J'ai commencé mon périple à Auckland, ville bipolaire, comme le pays en entier, où il pleut 15 fois par jour, mais généralement pas longtemps. Intermédiaire entre Sherbrooke et Montréal, la plus grande ville de Nouvelle-Zélande n'a rien d'impressionnant à première vue. Heureusement, j'avais contacté un Couchsurfer qui m'a guidé pendant près de deux jours. Il m'a notamment amené faire du hiking sur un ancien volcan.

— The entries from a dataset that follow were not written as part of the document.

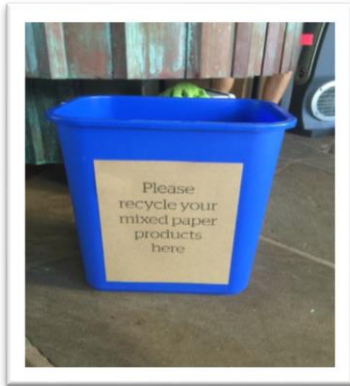
Sufficient recycling bins, no other trash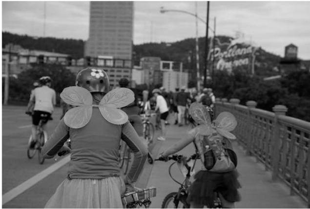
Portland Bridge Pedal.

Among Portland's many nicknames is "Beer-vana." We definitely earn that one. We have a lot of beer and brewpubs; at the time of this writing, there are 53 breweries in Portland, more than any other city in the world. To recover from the beer, we drink coffee. The coffee keeps us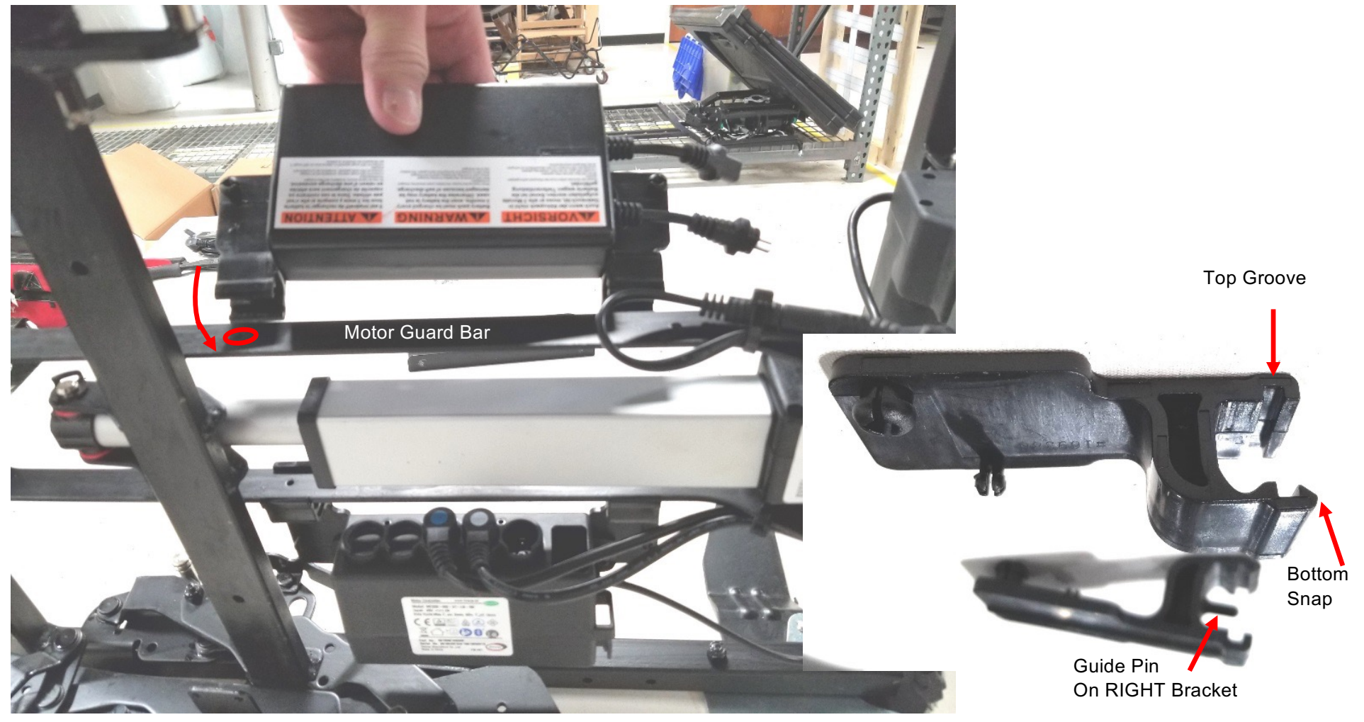
Line up Guide Pin on Right Bracket with hole in Motor Guard Bar. Hook Top Groove onto Bar and swing Battery down to snap in place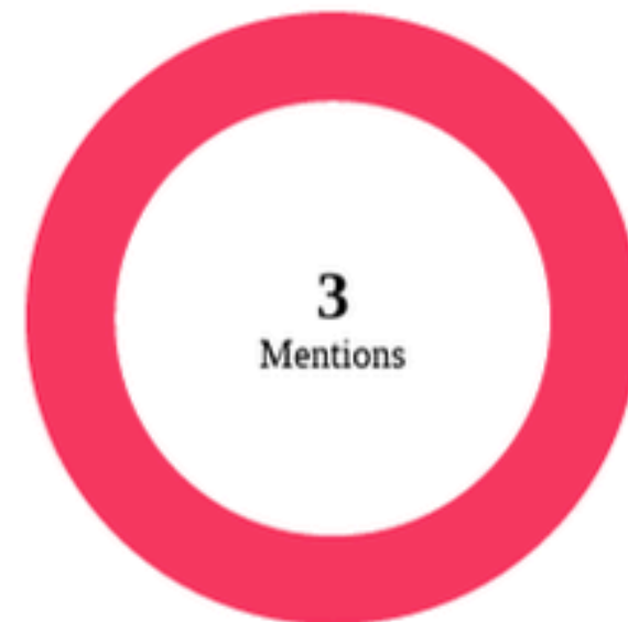
Mentions by Media Type

Quatre heures de bus plus loin, je suis arrivé à Rotorua, connue pour ses bains thermaux. Mais la plupart des points d'intérêts sont situés à l'extérieur de la ville. Il faut donc une voiture. Je me suis contenté d'une marche le long du lac et d'un souper-spectacle maori, où j'ai été nommé grand chef maori... pour la soirée. La tite madame avait bien repéré le seul voyageur solitaire avant de m'inviter à monter sur scène. Faire des simagrées devant une cinquantaine de touristes, la plupart coréens ou japonais, ça signifie que je deviendrai sûrement une grande vedette de l'Asie avant longtemps. Au nombre de vidéos qu'ils ont pris...

23 février 2012

Premier pépin

Première présence en Océanie
pour Gilly, qui se trouve ici
dans le port d'Auckland, Nouvelle-Zélande
Eh ben voilà! Ça devait se produire. Premier pépin. Et je ne parle pas des tympans qui menacent toujours de m'éclater quand l'avion veut se poser. Ou de ce rhume qui, faute de sommeil, refuse de mourir.

Mon pépin, il s'est pointé à l'aéroport de Los Angeles, hier (techniquement, c'était avant-hier, selon mon décalage horaire).

Il est toujours bon de savoir, avant de monter dans un avion, si le pays de destination vous laissera entrer si vous ne disposez que d'un billet à sens unique.

La Nouvelle-Zélande a beau aimer les Canadiens, n'exiger aucun visa pour les séjours de trois mois ou moins, elle ne nous aime pas au point de prendre le risque que nous nous y installions. Moi, je savais pas.

Enfin si. Y'avait un de mes cochambreurs à Los Angeles qui m'avait posé la question. Mais allez savoir pourquoi, je ne suis pas allé vérifier. Ç'aurait pu m'éviter quelques maux de tête.

Alors impossible d'enregistrer mon sac et d'obtenir mes cartes d'embarquement sans un billet qui m'évacuera éventuellement de l'île aux Kiwis.